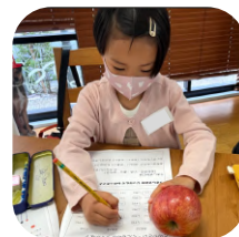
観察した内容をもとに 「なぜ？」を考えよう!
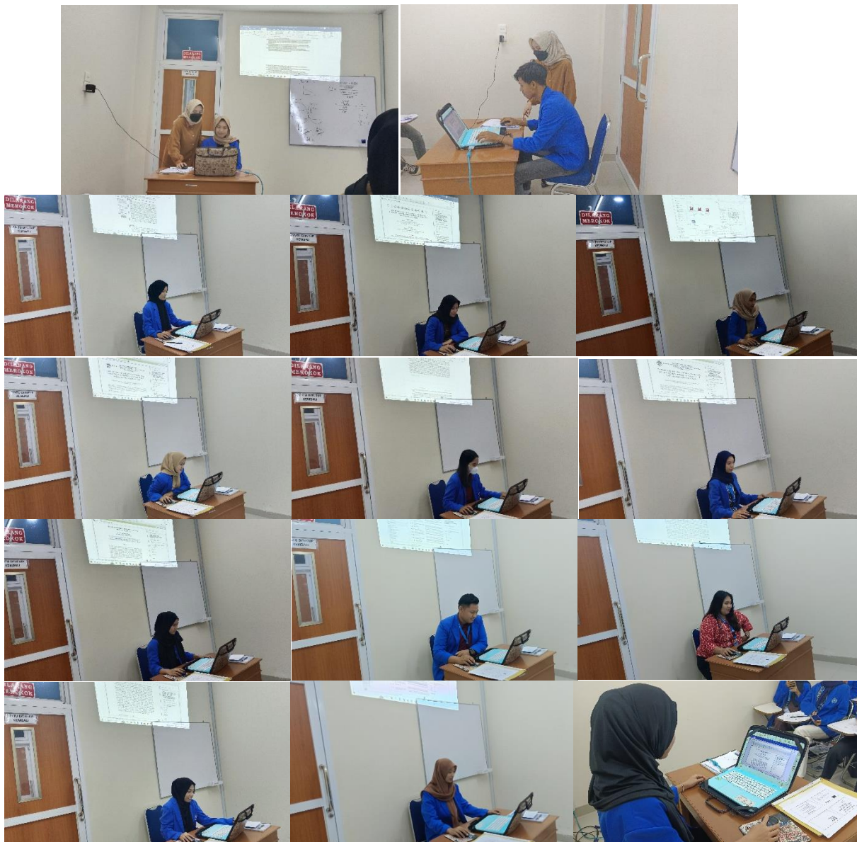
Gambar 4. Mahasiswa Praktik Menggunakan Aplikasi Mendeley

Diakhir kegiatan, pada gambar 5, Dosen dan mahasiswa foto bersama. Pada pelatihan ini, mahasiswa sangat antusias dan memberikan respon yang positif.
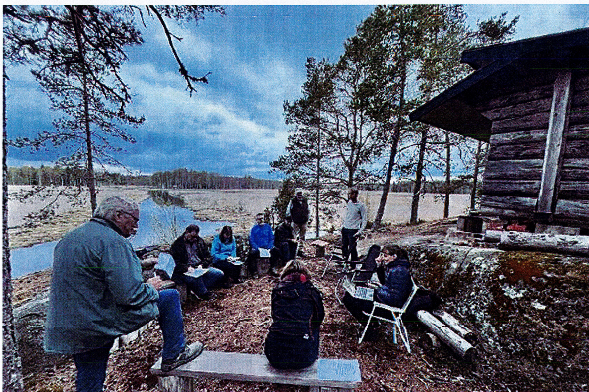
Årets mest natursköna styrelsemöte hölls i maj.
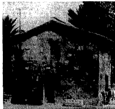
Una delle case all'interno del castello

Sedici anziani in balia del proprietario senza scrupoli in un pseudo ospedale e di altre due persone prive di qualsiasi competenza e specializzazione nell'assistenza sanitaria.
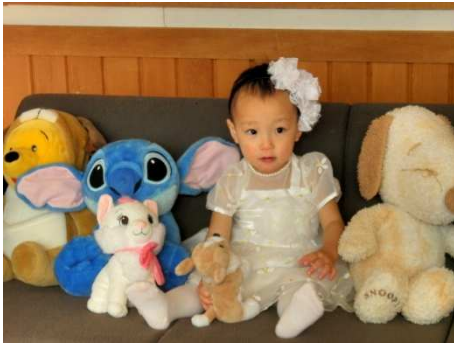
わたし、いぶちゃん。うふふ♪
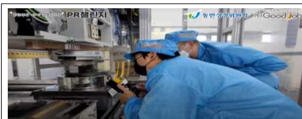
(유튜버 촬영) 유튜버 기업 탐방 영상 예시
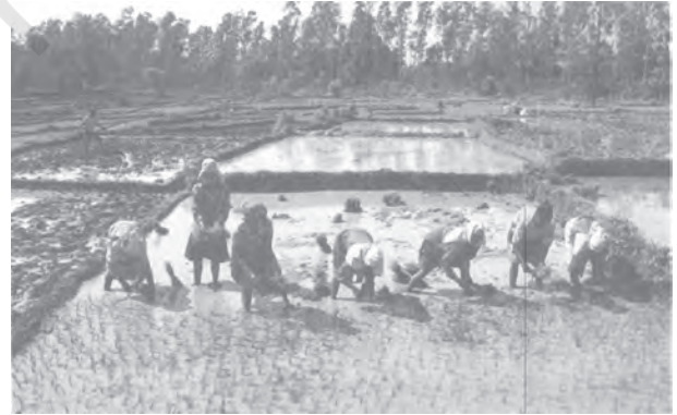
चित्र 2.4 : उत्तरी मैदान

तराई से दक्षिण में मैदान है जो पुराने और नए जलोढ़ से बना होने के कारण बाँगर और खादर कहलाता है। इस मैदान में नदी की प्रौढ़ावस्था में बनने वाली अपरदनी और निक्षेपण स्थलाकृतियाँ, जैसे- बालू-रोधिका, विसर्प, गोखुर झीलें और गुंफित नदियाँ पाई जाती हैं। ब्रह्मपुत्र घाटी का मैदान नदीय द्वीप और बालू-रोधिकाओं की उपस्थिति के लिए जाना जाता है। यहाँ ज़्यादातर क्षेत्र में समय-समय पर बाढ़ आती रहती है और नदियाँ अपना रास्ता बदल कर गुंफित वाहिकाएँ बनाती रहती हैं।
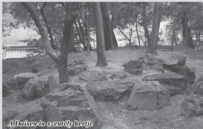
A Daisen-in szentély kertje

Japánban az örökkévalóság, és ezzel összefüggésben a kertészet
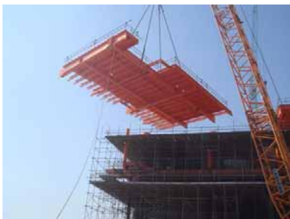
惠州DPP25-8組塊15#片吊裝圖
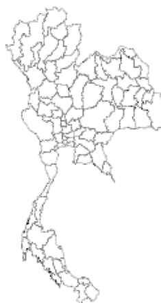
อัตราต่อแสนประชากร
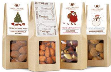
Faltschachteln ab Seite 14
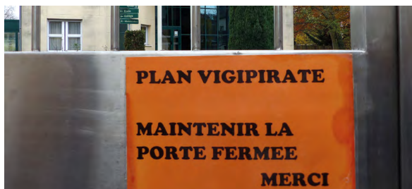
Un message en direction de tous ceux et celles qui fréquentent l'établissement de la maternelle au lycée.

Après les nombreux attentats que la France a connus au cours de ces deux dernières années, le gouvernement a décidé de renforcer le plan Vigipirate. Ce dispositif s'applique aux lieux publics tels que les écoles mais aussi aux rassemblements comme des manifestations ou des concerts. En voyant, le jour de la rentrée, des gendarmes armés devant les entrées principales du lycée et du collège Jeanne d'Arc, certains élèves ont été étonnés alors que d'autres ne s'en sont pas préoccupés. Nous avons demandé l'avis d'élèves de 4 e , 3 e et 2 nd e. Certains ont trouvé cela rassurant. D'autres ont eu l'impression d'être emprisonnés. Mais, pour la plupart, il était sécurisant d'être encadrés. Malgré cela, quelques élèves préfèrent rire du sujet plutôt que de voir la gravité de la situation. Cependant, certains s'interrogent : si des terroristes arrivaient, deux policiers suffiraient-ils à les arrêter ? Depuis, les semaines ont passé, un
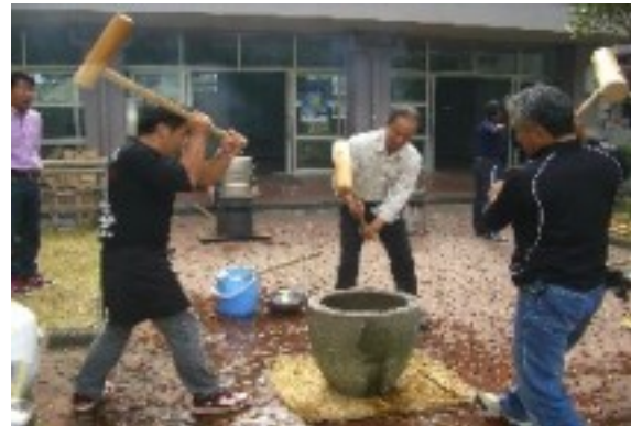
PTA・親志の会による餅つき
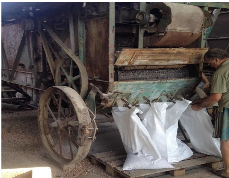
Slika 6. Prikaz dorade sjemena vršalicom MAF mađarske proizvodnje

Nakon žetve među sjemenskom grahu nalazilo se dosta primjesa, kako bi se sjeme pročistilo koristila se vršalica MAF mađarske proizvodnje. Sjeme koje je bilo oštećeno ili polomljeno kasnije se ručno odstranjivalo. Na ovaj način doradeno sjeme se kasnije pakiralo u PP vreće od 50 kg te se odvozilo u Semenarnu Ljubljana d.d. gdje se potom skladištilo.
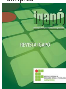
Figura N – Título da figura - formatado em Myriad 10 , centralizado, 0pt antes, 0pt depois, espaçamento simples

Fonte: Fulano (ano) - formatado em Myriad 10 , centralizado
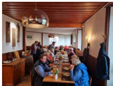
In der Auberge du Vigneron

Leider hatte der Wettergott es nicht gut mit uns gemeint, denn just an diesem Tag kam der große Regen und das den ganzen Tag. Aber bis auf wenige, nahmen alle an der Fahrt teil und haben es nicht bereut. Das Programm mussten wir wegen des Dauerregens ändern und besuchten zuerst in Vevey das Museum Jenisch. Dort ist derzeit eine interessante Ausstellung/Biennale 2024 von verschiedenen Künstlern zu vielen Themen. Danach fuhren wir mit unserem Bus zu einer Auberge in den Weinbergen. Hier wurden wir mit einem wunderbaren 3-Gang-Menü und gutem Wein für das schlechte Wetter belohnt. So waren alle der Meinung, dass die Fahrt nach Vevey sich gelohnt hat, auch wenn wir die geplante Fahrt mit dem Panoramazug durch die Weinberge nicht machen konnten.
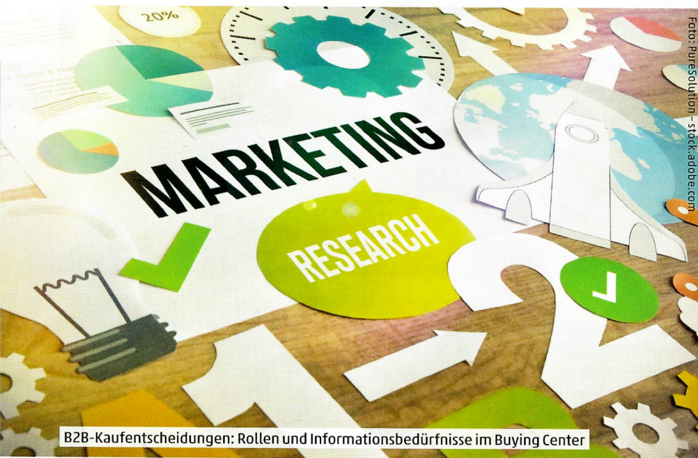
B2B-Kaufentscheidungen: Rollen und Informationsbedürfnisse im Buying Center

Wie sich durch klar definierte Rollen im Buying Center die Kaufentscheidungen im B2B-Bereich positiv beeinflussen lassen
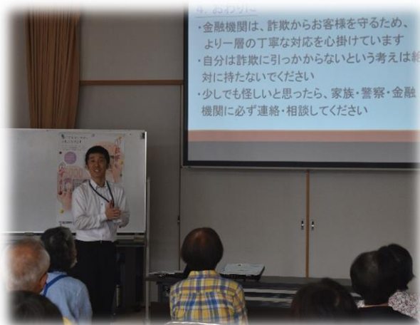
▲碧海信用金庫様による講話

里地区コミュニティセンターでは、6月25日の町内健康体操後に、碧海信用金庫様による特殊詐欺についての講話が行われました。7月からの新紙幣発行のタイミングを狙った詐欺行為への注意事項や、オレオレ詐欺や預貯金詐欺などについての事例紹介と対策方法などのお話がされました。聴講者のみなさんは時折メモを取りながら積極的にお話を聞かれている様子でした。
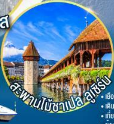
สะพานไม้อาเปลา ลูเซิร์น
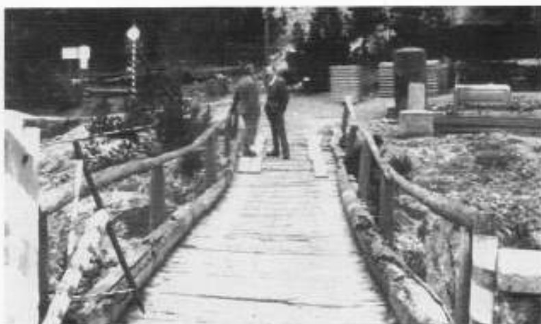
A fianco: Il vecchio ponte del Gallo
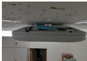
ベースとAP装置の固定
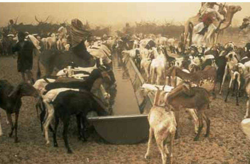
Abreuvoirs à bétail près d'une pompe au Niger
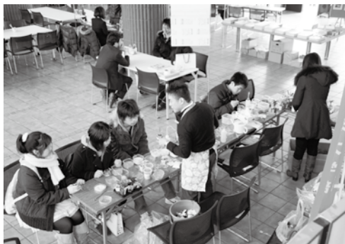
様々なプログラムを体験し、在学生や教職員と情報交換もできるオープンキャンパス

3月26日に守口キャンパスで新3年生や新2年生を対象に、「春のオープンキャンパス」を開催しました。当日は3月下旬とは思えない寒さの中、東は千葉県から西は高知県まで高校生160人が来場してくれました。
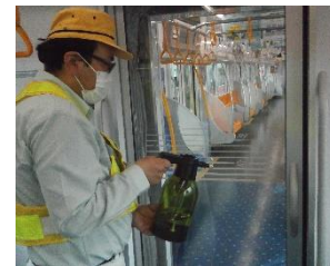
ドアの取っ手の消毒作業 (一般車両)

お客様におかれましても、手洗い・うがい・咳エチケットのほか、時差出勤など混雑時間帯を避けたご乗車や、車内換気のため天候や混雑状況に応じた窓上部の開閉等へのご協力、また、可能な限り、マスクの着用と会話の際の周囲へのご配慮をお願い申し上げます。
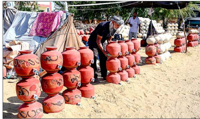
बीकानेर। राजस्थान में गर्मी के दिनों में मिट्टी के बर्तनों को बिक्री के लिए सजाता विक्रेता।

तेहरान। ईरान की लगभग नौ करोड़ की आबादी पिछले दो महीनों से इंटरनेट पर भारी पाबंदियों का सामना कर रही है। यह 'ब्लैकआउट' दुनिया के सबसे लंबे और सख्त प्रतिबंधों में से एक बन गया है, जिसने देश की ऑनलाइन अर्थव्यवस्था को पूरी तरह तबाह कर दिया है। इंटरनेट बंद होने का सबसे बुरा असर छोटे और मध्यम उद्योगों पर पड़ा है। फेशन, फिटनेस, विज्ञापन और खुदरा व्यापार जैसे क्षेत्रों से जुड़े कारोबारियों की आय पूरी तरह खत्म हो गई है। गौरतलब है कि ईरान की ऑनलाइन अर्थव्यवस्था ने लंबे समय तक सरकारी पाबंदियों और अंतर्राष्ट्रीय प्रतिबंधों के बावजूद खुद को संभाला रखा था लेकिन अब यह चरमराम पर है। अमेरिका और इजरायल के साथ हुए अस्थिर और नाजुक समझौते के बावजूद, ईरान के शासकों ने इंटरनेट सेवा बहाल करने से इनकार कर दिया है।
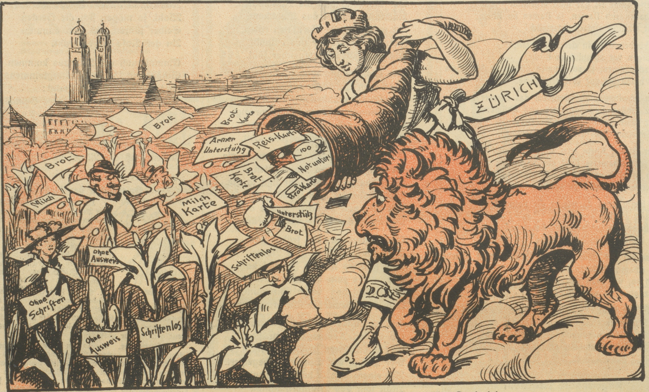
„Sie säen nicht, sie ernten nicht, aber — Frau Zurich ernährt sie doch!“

(What the task asks):
Only the lines starting at the one that includes "Nakon žetve među" and ending at the one that includes "B2B-Kaufentscheidungen: Rollen und" should be retyped, exactly, from the records above; no pictures.

(Result for this task):
Nakon žetve među sjemenskom grahu nalazilo se dosta primjesa, kako bi se sjeme pročistilo koristila se vršalica MAF mađarske proizvodnje. Sjeme koje je bilo oštećeno ili polomljeno kasnije se ručno odstranjivalo. Na ovaj način doradeno sjeme se kasnije pakiralo u PP vreće od 50 kg te se odvozilo u Semenarnu Ljubljana d.d. gdje se potom skladištilo.
Figura N – Título da figura - formatado em Myriad 10 , centralizado, 0pt antes, 0pt depois, espaçamento simples

Fonte: Fulano (ano) - formatado em Myriad 10 , centralizado
In der Auberge du Vigneron

Leider hatte der Wettergott es nicht gut mit uns gemeint, denn just an diesem Tag kam der große Regen und das den ganzen Tag. Aber bis auf wenige, nahmen alle an der Fahrt teil und haben es nicht bereut. Das Programm mussten wir wegen des Dauerregens ändern und besuchten zuerst in Vevey das Museum Jenisch. Dort ist derzeit eine interessante Ausstellung/Biennale 2024 von verschiedenen Künstlern zu vielen Themen. Danach fuhren wir mit unserem Bus zu einer Auberge in den Weinbergen. Hier wurden wir mit einem wunderbaren 3-Gang-Menü und gutem Wein für das schlechte Wetter belohnt. So waren alle der Meinung, dass die Fahrt nach Vevey sich gelohnt hat, auch wenn wir die geplante Fahrt mit dem Panoramazug durch die Weinberge nicht machen konnten.
B2B-Kaufentscheidungen: Rollen und Informationsbedürfnisse im Buying Center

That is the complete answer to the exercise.